_Stored dataset items_
* * *
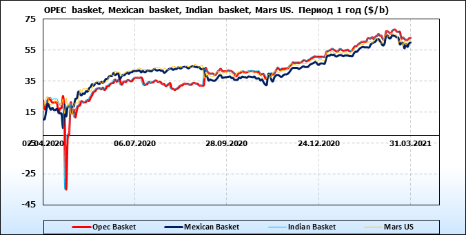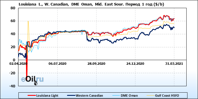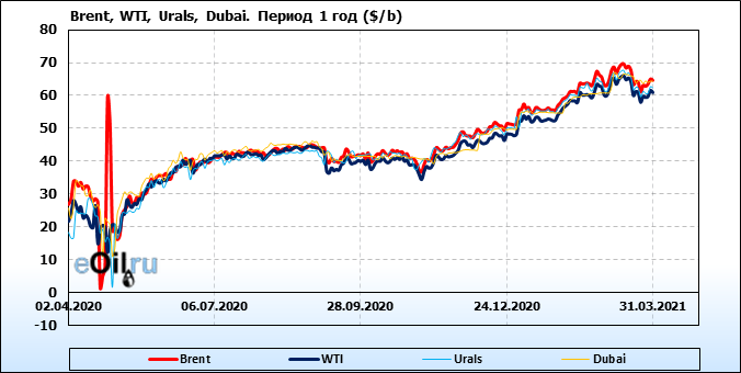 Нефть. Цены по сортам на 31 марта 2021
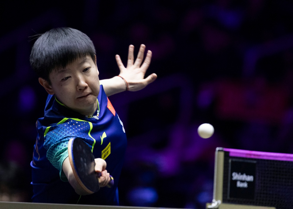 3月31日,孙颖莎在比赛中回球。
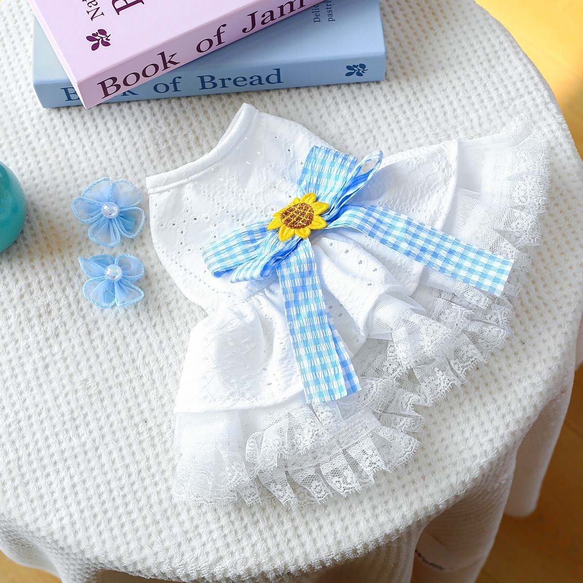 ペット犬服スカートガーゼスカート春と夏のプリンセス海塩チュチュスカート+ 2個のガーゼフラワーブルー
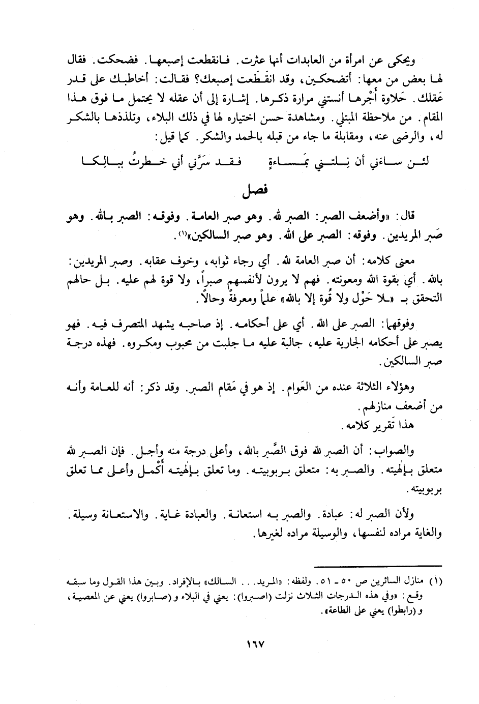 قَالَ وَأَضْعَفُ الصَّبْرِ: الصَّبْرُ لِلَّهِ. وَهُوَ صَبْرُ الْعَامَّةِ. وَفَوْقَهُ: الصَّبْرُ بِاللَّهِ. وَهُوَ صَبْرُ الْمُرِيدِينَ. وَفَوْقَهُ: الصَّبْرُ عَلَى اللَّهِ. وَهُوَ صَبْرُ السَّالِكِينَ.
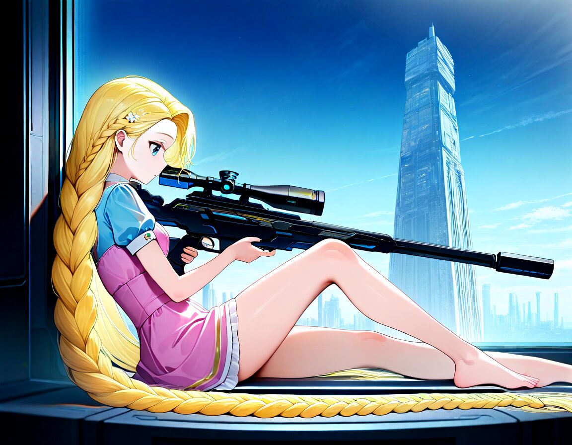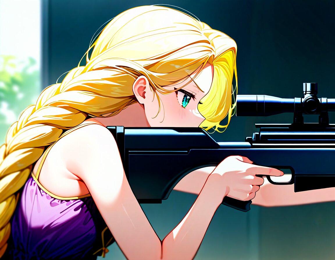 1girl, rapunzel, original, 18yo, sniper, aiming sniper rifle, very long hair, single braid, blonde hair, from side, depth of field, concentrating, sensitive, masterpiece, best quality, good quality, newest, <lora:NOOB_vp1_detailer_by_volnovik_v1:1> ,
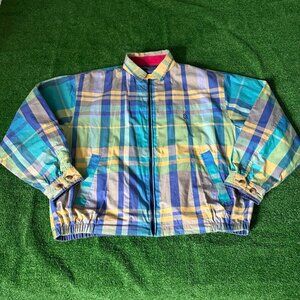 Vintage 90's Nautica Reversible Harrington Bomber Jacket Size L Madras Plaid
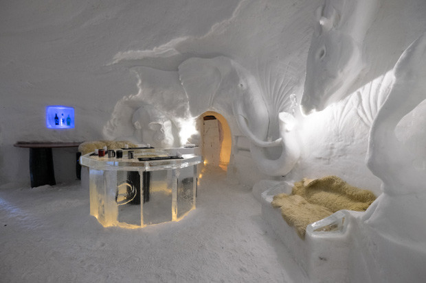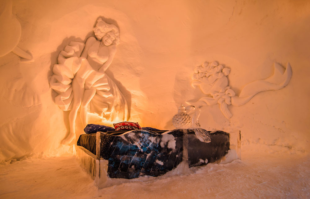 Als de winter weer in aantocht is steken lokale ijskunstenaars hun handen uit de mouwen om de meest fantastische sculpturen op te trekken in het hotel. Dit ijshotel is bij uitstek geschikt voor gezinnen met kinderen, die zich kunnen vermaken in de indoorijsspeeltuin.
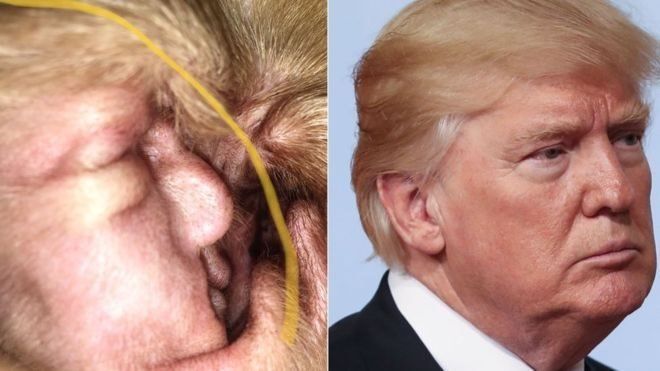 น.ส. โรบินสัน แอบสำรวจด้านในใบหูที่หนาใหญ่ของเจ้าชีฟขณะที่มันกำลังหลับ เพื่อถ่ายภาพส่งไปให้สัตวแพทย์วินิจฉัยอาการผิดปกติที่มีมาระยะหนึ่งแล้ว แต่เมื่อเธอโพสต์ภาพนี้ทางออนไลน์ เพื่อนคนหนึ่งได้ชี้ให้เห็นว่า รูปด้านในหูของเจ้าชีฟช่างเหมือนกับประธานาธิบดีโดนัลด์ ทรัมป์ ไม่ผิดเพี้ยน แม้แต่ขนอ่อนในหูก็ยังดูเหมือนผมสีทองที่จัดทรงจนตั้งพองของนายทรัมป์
* * *
_Exercise brief_
Among the entries above, locate the line with "قَالَ وَأَضْعَفُ الصَّبْرِ: الصَّبْرُ" and the line with "Als de winter". Give those two lines and all lines between them again, exactly, leaving out the pictures.

_Expected answer_
 قَالَ وَأَضْعَفُ الصَّبْرِ: الصَّبْرُ لِلَّهِ. وَهُوَ صَبْرُ الْعَامَّةِ. وَفَوْقَهُ: الصَّبْرُ بِاللَّهِ. وَهُوَ صَبْرُ الْمُرِيدِينَ. وَفَوْقَهُ: الصَّبْرُ عَلَى اللَّهِ. وَهُوَ صَبْرُ السَّالِكِينَ.
 1girl, rapunzel, original, 18yo, sniper, aiming sniper rifle, very long hair, single braid, blonde hair, from side, depth of field, concentrating, sensitive, masterpiece, best quality, good quality, newest, <lora:NOOB_vp1_detailer_by_volnovik_v1:1> ,
 Vintage 90's Nautica Reversible Harrington Bomber Jacket Size L Madras Plaid
 Als de winter weer in aantocht is steken lokale ijskunstenaars hun handen uit de mouwen om de meest fantastische sculpturen op te trekken in het hotel. Dit ijshotel is bij uitstek geschikt voor gezinnen met kinderen, die zich kunnen vermaken in de indoorijsspeeltuin.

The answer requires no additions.